# What is this??



## fishwendel2 (Nov 19, 2007)

I would like to think it's a bobcat but could it be just a wild cat?


----------



## jrbird (Jan 16, 2011)

the tail is to long for it to be a bobcat. i would say its a stray cat.


----------



## alpine5575 (Jul 22, 2006)

I would say house cat, I don't think bobcat's have long tails. I could be wrong though, never have seen one myself.


----------



## alpine5575 (Jul 22, 2006)

jrbird said:


> the tail is to long for it to be a bobcat. i would say its a stray cat.

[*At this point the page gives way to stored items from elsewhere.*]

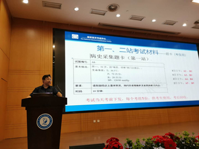 考試前半個月,學校教務(wù)處根據(jù)《醫(yī)師資格考試臨床類別分階段考試實證研究第一階段考試實施方案》要求,制定我校臨床基本技能考試實施方案和相關(guān)制度,召開專門會議,部署相關(guān)工作。先后組織考官、標準化病人(SP)、考務(wù)以及志愿者培訓等工作,并針對今年考試形式的變化,在原有組織經(jīng)驗的基礎(chǔ)上,優(yōu)化環(huán)節(jié),合理分配人員,分工明確,重點演練。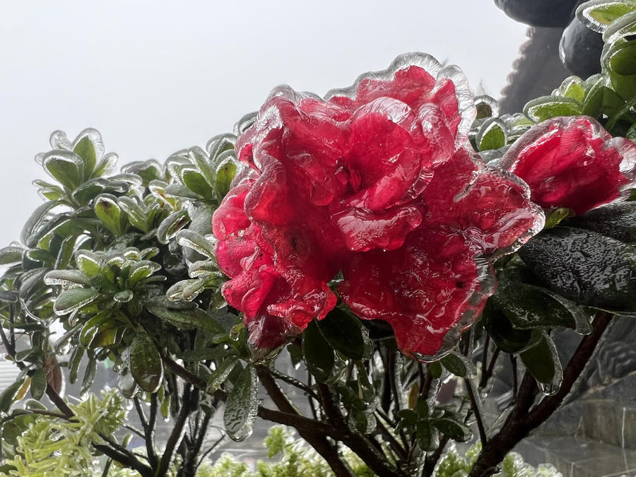 Đỗ quyên nở đỏ rực rỡ trong băng trên đỉnh Fansipan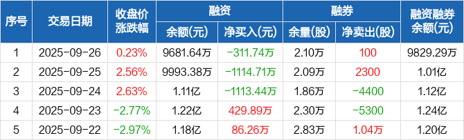 盐津铺子:连续3日融资净偿还累计2539.89万元(09-26)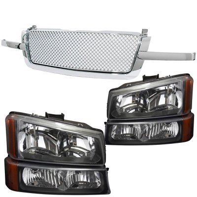 Chevy Silverado 2500 2003-2004 Chrome Mesh Grille and Black Headlights Set
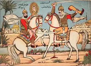 ![]() نبرد تن به تن مابین علی بن ابی طالب (چپ) و عمرو بن عبدود (راست) در غزوه خندق | |||||||

Sorry, I must have been typing as you already posted !!


----------



## slimdaddy45 (Aug 27, 2007)

looks like just a cat aint no
bobcat


----------



## fishwendel2 (Nov 19, 2007)

This location is way out there too but I have never seen a bobcat so thought I would put it out there...thanks for the input!


----------



## kernal83 (Mar 25, 2005)

If that is a House cat it is huge


Outdoor Hub mobile, the outdoor information engine


----------



## Mushijobah (May 4, 2004)

It's a house cat...lol. In before bigfoot's pet, sabertooth cat.


----------



## sherman51 (Apr 12, 2011)

jrbird said:


> the tail is to long for it to be a bobcat. i would say its a stray cat.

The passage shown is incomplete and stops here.